→ PROBLEM REQUIREMENTS: Exclude the pictures from your copy, and reproduce each entry below verbatim.

→ EXCERPTED RECORDS:
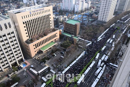 윤 대통령은 18일 오후 2시부터 서부지법에서 영장실질심사를 받았다. 이에 지지자들은 급히 서부지법 앞으로 집결했다. 이날 서울 광화문에서 ‘탄핵 반대’ 집회에 참가한 이들도 서부지법 집회에 뒤늦게 합류하면서 일대가 아수라장이 됐다. 이날 오후 5시 기준 경찰 비공식 추산 5만여명이 모였다.
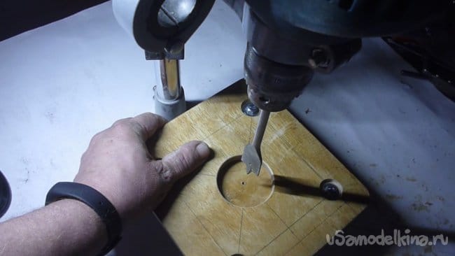 4. Рассверливаем в площадке под подшипник отверстие (показано в видео инструкции).
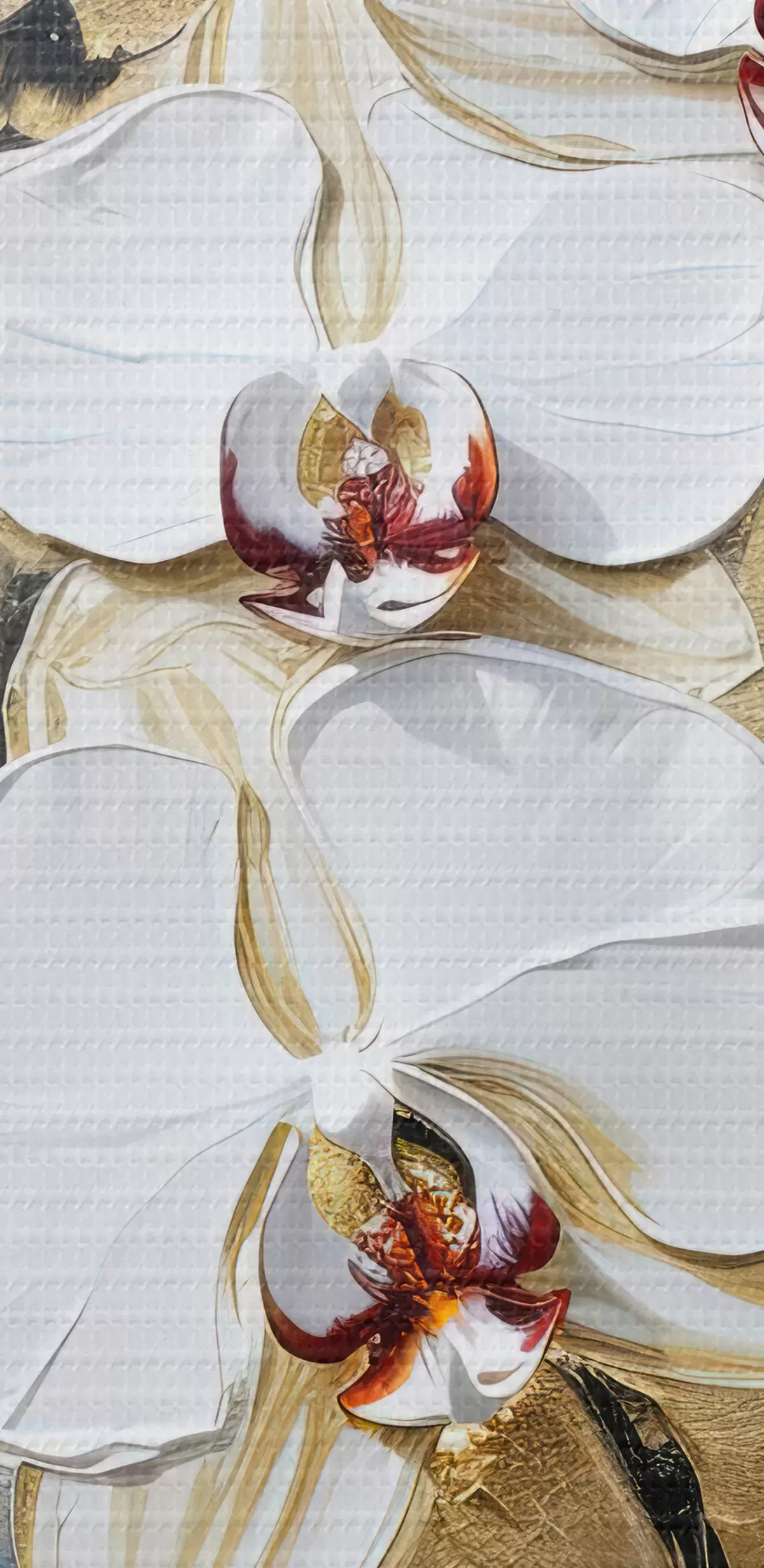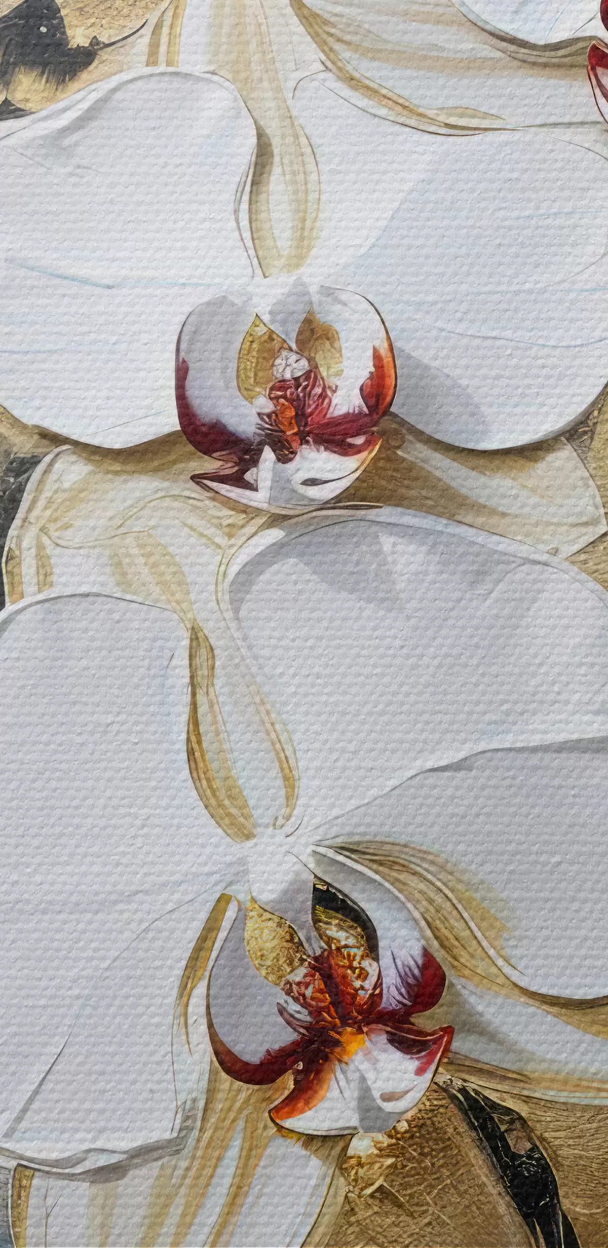 Okrągły obraz Orchid Symphony z abstrakcyjnymi pociągnięciami pędzla Nr r35904
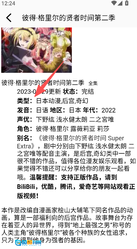 提供资讯查看功能,用户可在番剧详情页面浏览更新状态类型、作品介绍等相关内容。
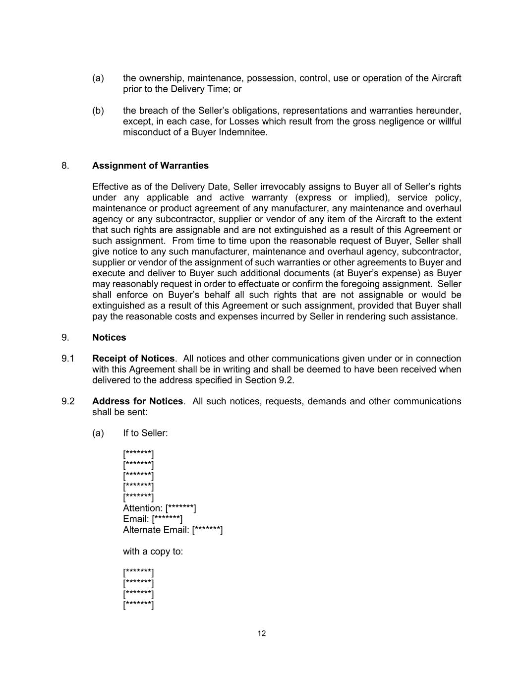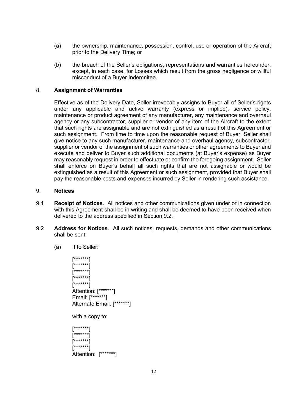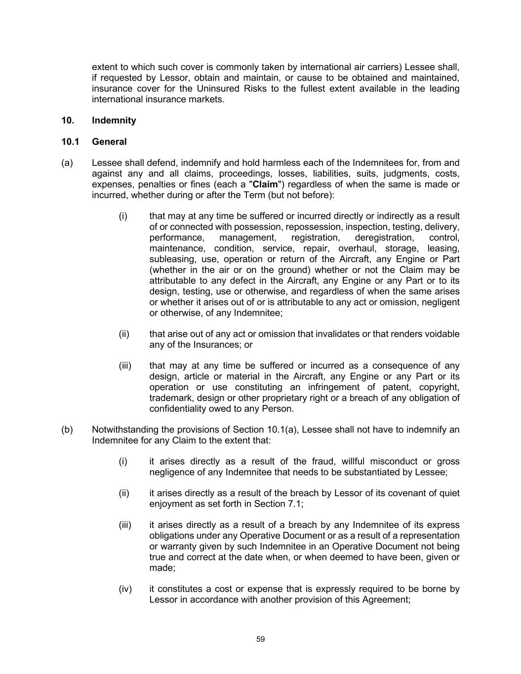59 extent to which such cover is commonly taken by international air carriers) Lessee shall, if requested by Lessor, obtain and maintain, or cause to be obtained and maintained, insurance cover for the Uninsured Risks to the fullest extent available in the leading international insurance markets. 10. Indemnity 10.1 General (a) Lessee shall defend, indemnify and hold harmless each of the Indemnitees for, from and against any and all claims, proceedings, losses, liabilities, suits, judgments, costs, expenses, penalties or fines (each a "Claim") regardless of when the same is made or incurred, whether during or after the Term (but not before): (i) that may at any time be suffered or incurred directly or indirectly as a result of or connected with possession, repossession, inspection, testing, delivery, performance, management, registration, deregistration, control, maintenance, condition, service, repair, overhaul, storage, leasing, subleasing, use, operation or return of the Aircraft, any Engine or Part (whether in the air or on the ground) whether or not the Claim may be attributable to any defect in the Aircraft, any Engine or any Part or to its design, testing, use or otherwise, and regardless of when the same arises or whether it arises out of or is attributable to any act or omission, negligent or otherwise, of any Indemnitee; (ii) that arise out of any act or omission that invalidates or that renders voidable any of the Insurances; or (iii) that may at any time be suffered or incurred as a consequence of any design, article or material in the Aircraft, any Engine or any Part or its operation or use constituting an infringement of patent, copyright, trademark, design or other proprietary right or a breach of any obligation of confidentiality owed to any Person. (b) Notwithstanding the provisions of Section 10.1(a), Lessee shall not have to indemnify an Indemnitee for any Claim to the extent that: (i) it arises directly as a result of the fraud, willful misconduct or gross negligence of any Indemnitee that needs to be substantiated by Lessee; (ii) it arises directly as a result of the breach by Lessor of its covenant of quiet enjoyment as set forth in Section 7.1; (iii) it arises directly as a result of a breach by any Indemnitee of its express obligations under any Operative Document or as a result of a representation or warranty given by such Indemnitee in an Operative Document not being true and correct at the date when, or when deemed to have been, given or made; (iv) it constitutes a cost or expense that is expressly required to be borne by Lessor in accordance with another provision of this Agreement;
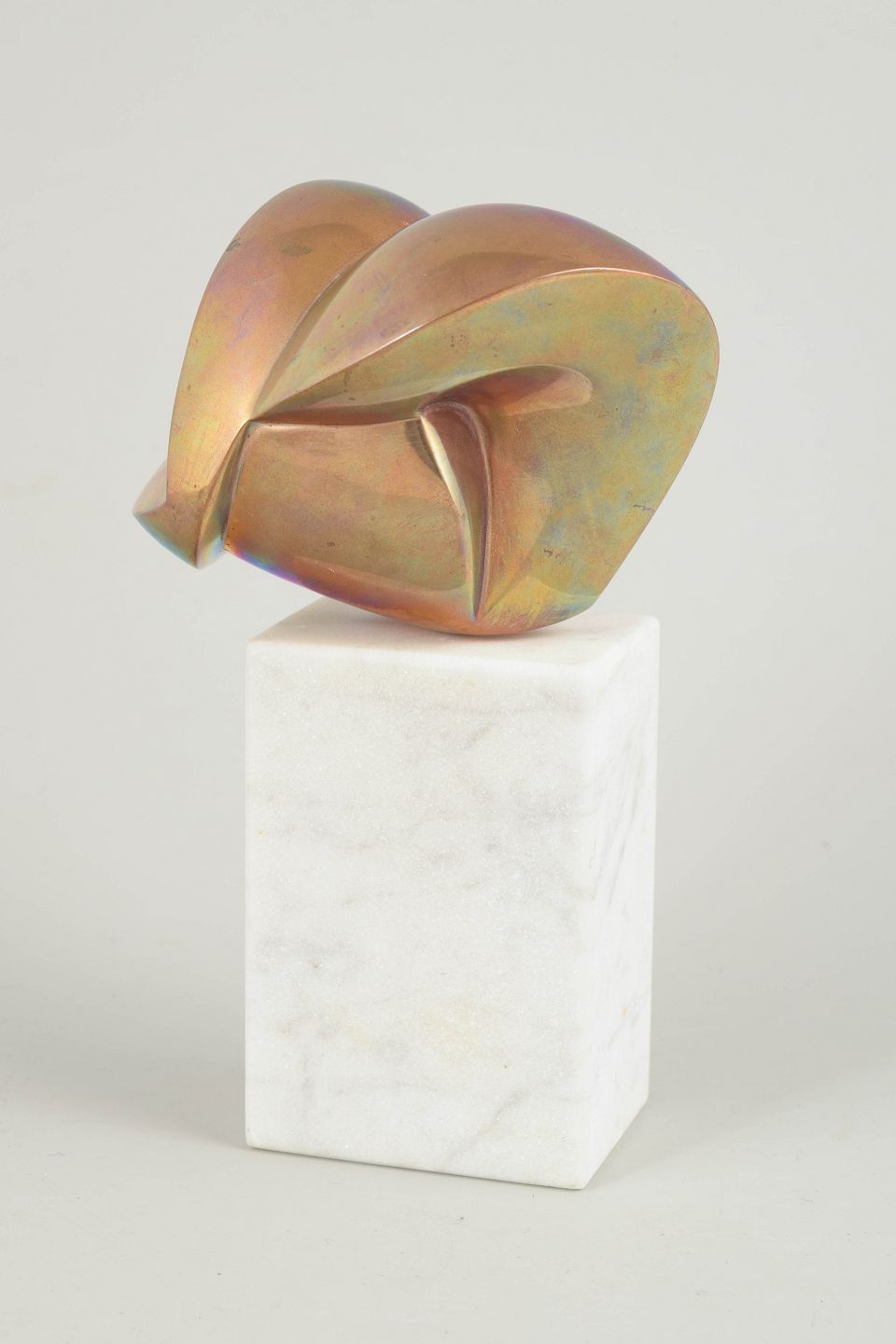 Abstrakt, organisk formet skulptur i massiv bronze med varm, nuanceret patina, monteret på rektangulær marmorsokkel. Skulpturen er signeret og nummereret 2/9.

→ REPLY TO THE TASK:
 윤 대통령은 18일 오후 2시부터 서부지법에서 영장실질심사를 받았다. 이에 지지자들은 급히 서부지법 앞으로 집결했다. 이날 서울 광화문에서 ‘탄핵 반대’ 집회에 참가한 이들도 서부지법 집회에 뒤늦게 합류하면서 일대가 아수라장이 됐다. 이날 오후 5시 기준 경찰 비공식 추산 5만여명이 모였다.
 4. Рассверливаем в площадке под подшипник отверстие (показано в видео инструкции).
 Okrągły obraz Orchid Symphony z abstrakcyjnymi pociągnięciami pędzla Nr r35904
 提供资讯查看功能,用户可在番剧详情页面浏览更新状态类型、作品介绍等相关内容。
59 extent to which such cover is commonly taken by international air carriers) Lessee shall, if requested by Lessor, obtain and maintain, or cause to be obtained and maintained, insurance cover for the Uninsured Risks to the fullest extent available in the leading international insurance markets. 10. Indemnity 10.1 General (a) Lessee shall defend, indemnify and hold harmless each of the Indemnitees for, from and against any and all claims, proceedings, losses, liabilities, suits, judgments, costs, expenses, penalties or fines (each a "Claim") regardless of when the same is made or incurred, whether during or after the Term (but not before): (i) that may at any time be suffered or incurred directly or indirectly as a result of or connected with possession, repossession, inspection, testing, delivery, performance, management, registration, deregistration, control, maintenance, condition, service, repair, overhaul, storage, leasing, subleasing, use, operation or return of the Aircraft, any Engine or Part (whether in the air or on the ground) whether or not the Claim may be attributable to any defect in the Aircraft, any Engine or any Part or to its design, testing, use or otherwise, and regardless of when the same arises or whether it arises out of or is attributable to any act or omission, negligent or otherwise, of any Indemnitee; (ii) that arise out of any act or omission that invalidates or that renders voidable any of the Insurances; or (iii) that may at any time be suffered or incurred as a consequence of any design, article or material in the Aircraft, any Engine or any Part or its operation or use constituting an infringement of patent, copyright, trademark, design or other proprietary right or a breach of any obligation of confidentiality owed to any Person. (b) Notwithstanding the provisions of Section 10.1(a), Lessee shall not have to indemnify an Indemnitee for any Claim to the extent that: (i) it arises directly as a result of the fraud, willful misconduct or gross negligence of any Indemnitee that needs to be substantiated by Lessee; (ii) it arises directly as a result of the breach by Lessor of its covenant of quiet enjoyment as set forth in Section 7.1; (iii) it arises directly as a result of a breach by any Indemnitee of its express obligations under any Operative Document or as a result of a representation or warranty given by such Indemnitee in an Operative Document not being true and correct at the date when, or when deemed to have been, given or made; (iv) it constitutes a cost or expense that is expressly required to be borne by Lessor in accordance with another provision of this Agreement;
 Abstrakt, organisk formet skulptur i massiv bronze med varm, nuanceret patina, monteret på rektangulær marmorsokkel. Skulpturen er signeret og nummereret 2/9.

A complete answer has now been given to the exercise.